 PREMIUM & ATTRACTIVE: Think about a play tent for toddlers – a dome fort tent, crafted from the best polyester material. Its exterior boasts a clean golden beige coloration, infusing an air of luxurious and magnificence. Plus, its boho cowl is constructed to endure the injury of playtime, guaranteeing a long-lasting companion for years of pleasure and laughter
--*--
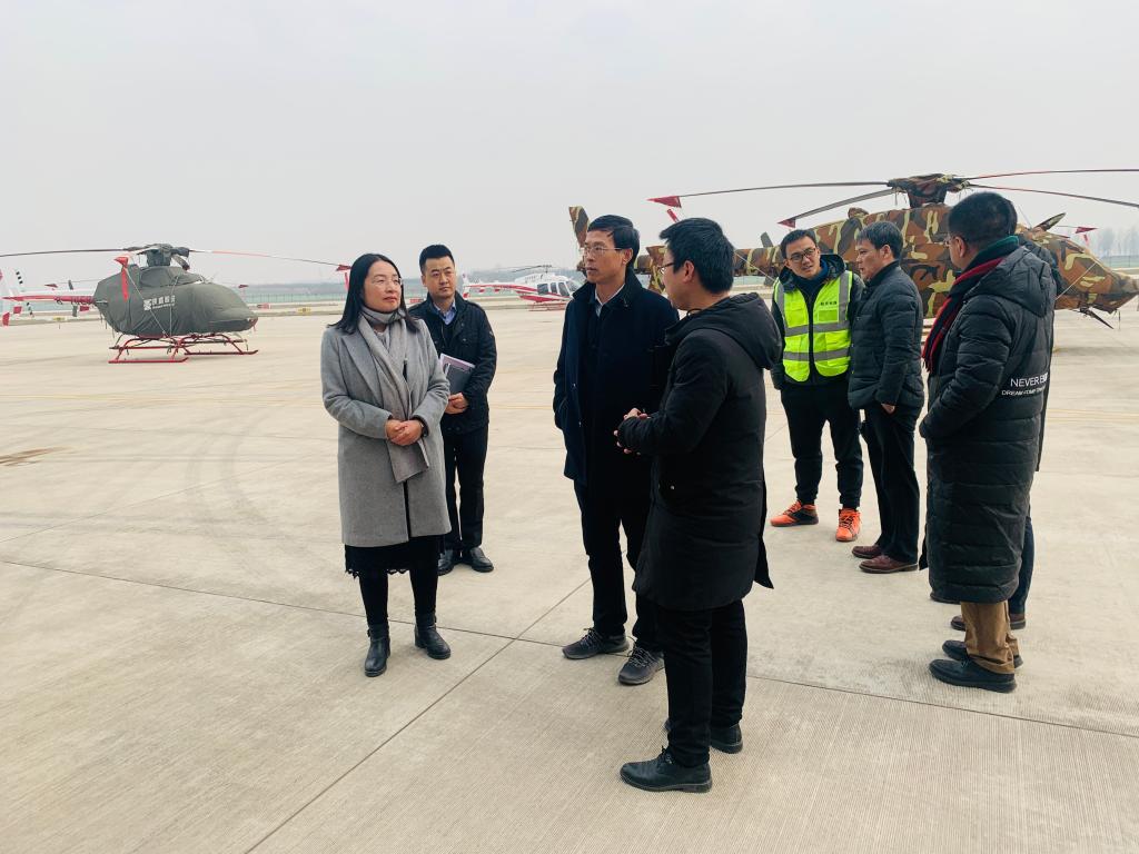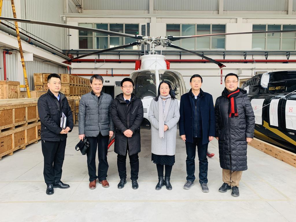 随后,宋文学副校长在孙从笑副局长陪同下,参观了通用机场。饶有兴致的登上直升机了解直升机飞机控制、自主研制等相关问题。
--*--
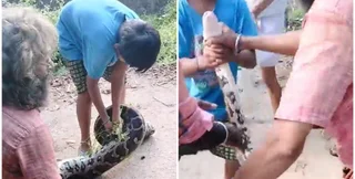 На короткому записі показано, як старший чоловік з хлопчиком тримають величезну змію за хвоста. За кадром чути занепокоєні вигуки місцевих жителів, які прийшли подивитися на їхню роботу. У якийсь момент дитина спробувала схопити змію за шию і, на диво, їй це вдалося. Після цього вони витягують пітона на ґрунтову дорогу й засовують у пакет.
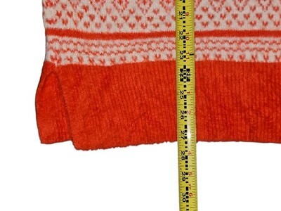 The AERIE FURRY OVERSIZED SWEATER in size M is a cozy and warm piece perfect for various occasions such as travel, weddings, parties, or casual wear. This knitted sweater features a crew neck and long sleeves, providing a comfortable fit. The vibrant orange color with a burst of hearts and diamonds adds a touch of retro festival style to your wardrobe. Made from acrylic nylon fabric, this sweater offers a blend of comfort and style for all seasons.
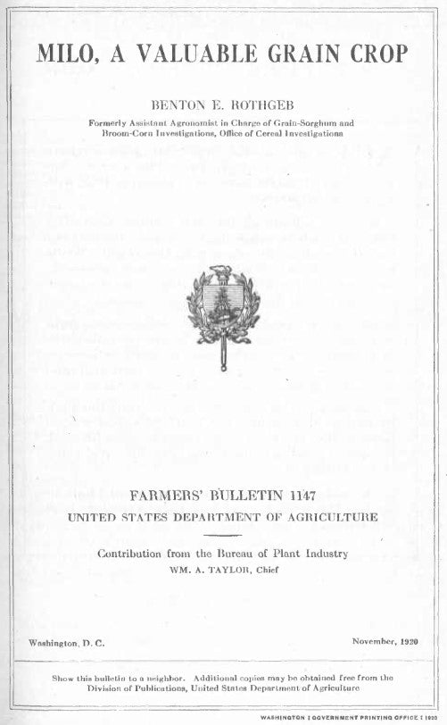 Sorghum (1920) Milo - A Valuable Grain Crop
--*--
INSTRUCTIONS TO FOLLOW ▸ Look above for the line with "The AERIE FURRY" and the line with "Sorghum (1920) Milo - A Valuable Grain Crop", then restate exactly those two lines and all lines between them, with no pictures.

SOLVED PROBLEM ▸
 The AERIE FURRY OVERSIZED SWEATER in size M is a cozy and warm piece perfect for various occasions such as travel, weddings, parties, or casual wear. This knitted sweater features a crew neck and long sleeves, providing a comfortable fit. The vibrant orange color with a burst of hearts and diamonds adds a touch of retro festival style to your wardrobe. Made from acrylic nylon fabric, this sweater offers a blend of comfort and style for all seasons.
 Sorghum (1920) Milo - A Valuable Grain Crop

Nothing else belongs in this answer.